A high-fat diet increases the incidence of mammary cancer inc-Ha-ras proto-oncogene transgenic rats

Mie Magaki 1, Hiroko Ishii 1, Aya Yamasaki 1, Yurika Kitai 2, Saeda Kametani 1, Reiko Nakai 1, Alexander Dabid 3, Hiroyuki Tsuda 3, Takamasa Ohnishi 1,*
PMCID: PMC5406593  PMID: 28458452

Abstract

Mammary cancer is the most common type of cancer and the fifth most common cause of cancer-related deaths among Japanese women. The recent sharp increase in the number of women diagnosed with mammary cancer per year is thought to be associated with increased fat intake resulting from changes in the dietary habits of contemporary Japanese citizens. In this study, human c-Ha-ras proto-oncogene transgenic (Hras128) rats, which are highly susceptible to mammary carcinogens, were fed high- or low-fat diets to examine the relationship between fat consumption and the development of mammary cancer. Female 7-week-old Hras128 rats and wild-type littermates were administered benzo[a]pyrene. A week later, the animals were randomly assigned to high-fat or low-fat diet groups (45% or 10% of calories from fat, respectively). After 12 weeks, the rats were sacrificed and autopsied, and mammary tumors were excised and processed for microscopic observation. Mammary tumors were found in 11 of the 12 animals in the high-fat diet group and in 5 of the 12 animals in the low-fat diet group, and the numbers of mammary gland tumors per animal in these groups were 1.7 and 0.7, respectively. Notably, the observed differences in incidence and multiplicity of mammary tumors between the two groups were statistically significant. These results suggest a positive relationship between the incidence of breast cancer and high fat intake.
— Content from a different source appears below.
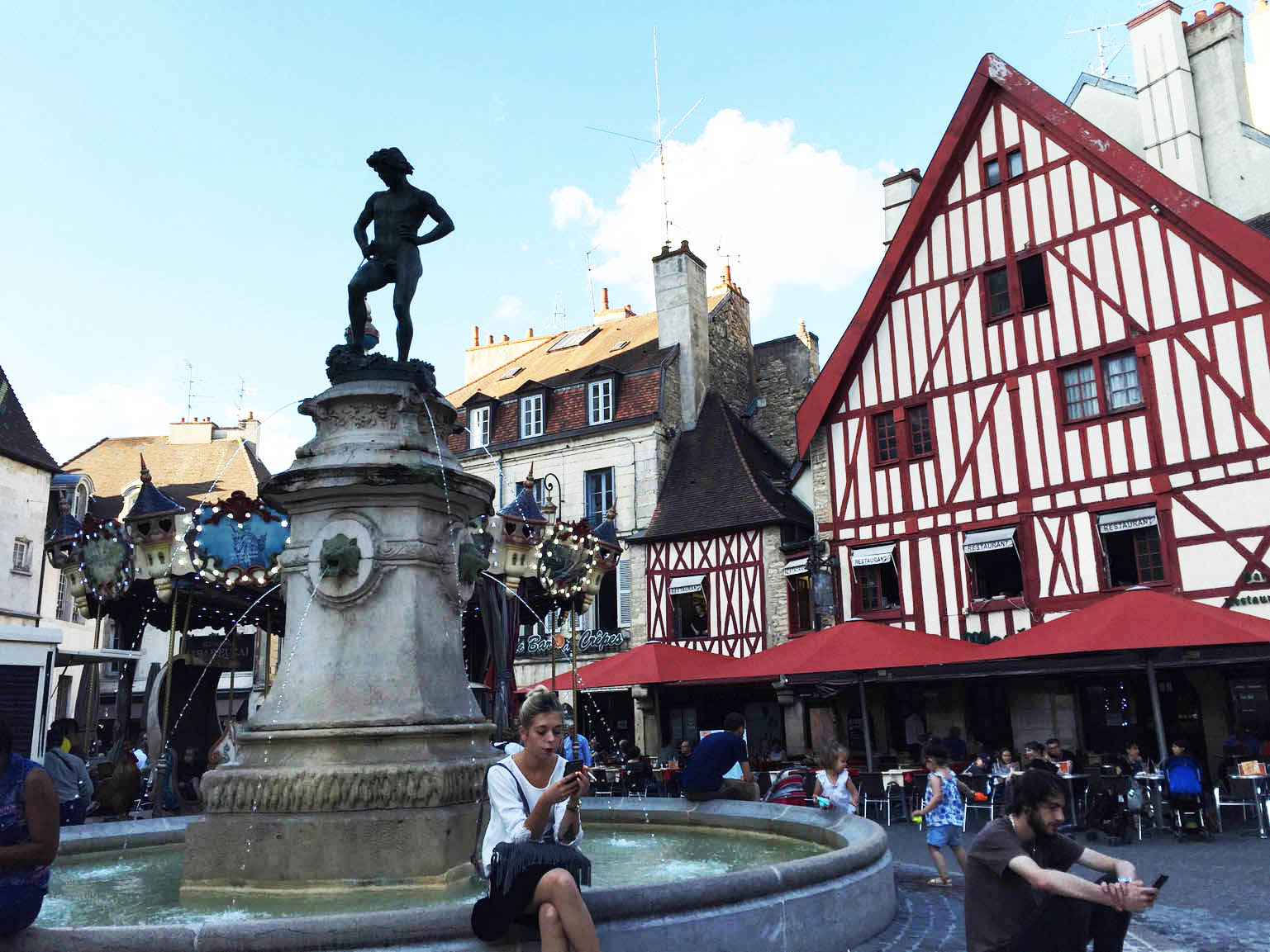 We arrived in Dijon at about 6pm and checked into our accomodation. Very nice, it is situated right in the centre of the old part of town. Di particularly likes it because it has a bath.

Keywords: c-Ha-rasgene, Hras128, mammary cancer, high-fat diet

Introduction

Epidemiological studies report higher incidences of mammary cancer in North America, Australia, and Europe than in most of Africa, South Asia, and East Asia, including Japan1. Among US-born women, 12.4% were affected by mammary cancer in 2007, with peak incidences being observed in women between the ages of 65 and 692. Notably, these numbers indicate that 1 in 8 American women will be affected by mammary cancer over the course of their lifetime. Meanwhile, there was an approximate 6% increase in the incidence of mammary cancer each year among Japanese women between 1999 and 20083. Mammary cancer is now the most common cancer among Japanese women (occurring in 1 in 14 women)3 and is the fifth most common cause of cancer-related deaths, following colorectal cancer, lung cancer, gastric cancer, and pancreatic cancer4. While the rate of mammary cancer diagnosis in Japanese women peaks between 45 and 49 years of age4, the incidence of these cancers among women younger than 35-years-old has also been on the rise in recent years5.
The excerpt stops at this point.